Aeon provides extensive transformation capabilities for preprocessing, feature extraction, and representation learning from time series data.

Transformation Types

Aeon distinguishes between:

  • CollectionTransformers: Transform multiple time series (collections)
  • SeriesTransformers: Transform individual time series

Collection Transformers

Convolution-Based Feature Extraction

Fast, scalable feature generation using random kernels:

  • RocketTransformer - Random convolutional kernels
  • MiniRocketTransformer - Simplified ROCKET for speed
  • MultiRocketTransformer - Enhanced ROCKET variant
  • HydraTransformer - Multi-resolution dilated convolutions
  • MultiRocketHydraTransformer - Combines ROCKET and Hydra
  • ROCKETGPU - GPU-accelerated variant

Use when: Need fast, scalable features for any ML algorithm, strong baseline performance.
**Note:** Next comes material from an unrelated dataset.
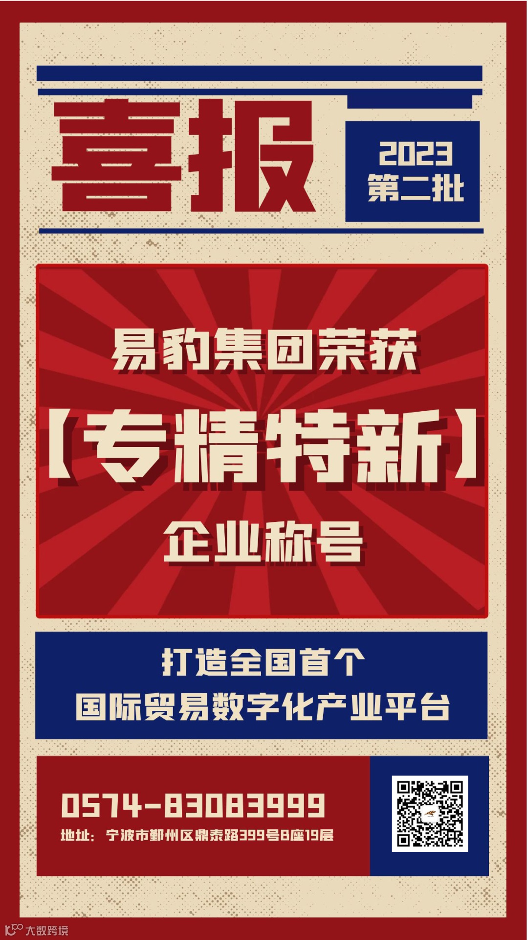 “专精特新”企业是指具有“专业化、精细化、特色化、创新型”发展特征,长期专注细分市场、创新实力较强、配套能力突出的优秀企业。“专精特新”是国家引导企业增强自身创新能力和核心竞争能力、不断提升自身核心优势的重要举措。此次入选宁波市“专精特新”企业名单,是对易豹科技创新能力和综合实力的高度认可及肯定,易豹将始终秉持打造全球国际贸易数字化平台的初心,以实干笃定前行,为进出口企业及港航物流服务企业供应链数字化转型升级赋能,助力数字经济与实体经济深度融合,优化国际贸易供应链体系,提升企业国际竞争力。

Statistical Feature Extraction

Domain-agnostic features based on time series characteristics:

  • Catch22 - 22 canonical time-series characteristics
  • TSFresh - Comprehensive automated feature extraction (100+ features)
  • TSFreshRelevant - Feature extraction with relevance filtering
  • SevenNumberSummary - Descriptive statistics (mean, std, quantiles)

Use when: Need interpretable features, domain-agnostic approach, or feeding traditional ML.

Dictionary-Based Representations

Symbolic approximations for discrete representations:

  • SAX - Symbolic Aggregate approXimation
  • PAA - Piecewise Aggregate Approximation
  • SFA - Symbolic Fourier Approximation
  • SFAFast - Optimized SFA
  • SFAWhole - SFA on entire series (no windowing)
  • BORF - Bag-of-Receptive-Fields

Use when: Need discrete/symbolic representation, dimensionality reduction, interpretability.

Shapelet-Based Features

Discriminative subsequence extraction:

  • RandomShapeletTransform - Random discriminative shapelets
  • RandomDilatedShapeletTransform - Dilated shapelets for multi-scale
  • SAST - Scalable And Accurate Subsequence Transform
  • RSAST - Randomized SAST

Use when: Need interpretable discriminative patterns, phase-invariant features.

Interval-Based Features

Statistical summaries from time intervals:

  • RandomIntervals - Features from random intervals
  • SupervisedIntervals - Supervised interval selection
  • QUANTTransformer - Quantile-based interval features

Use when: Predictive patterns localized to specific windows.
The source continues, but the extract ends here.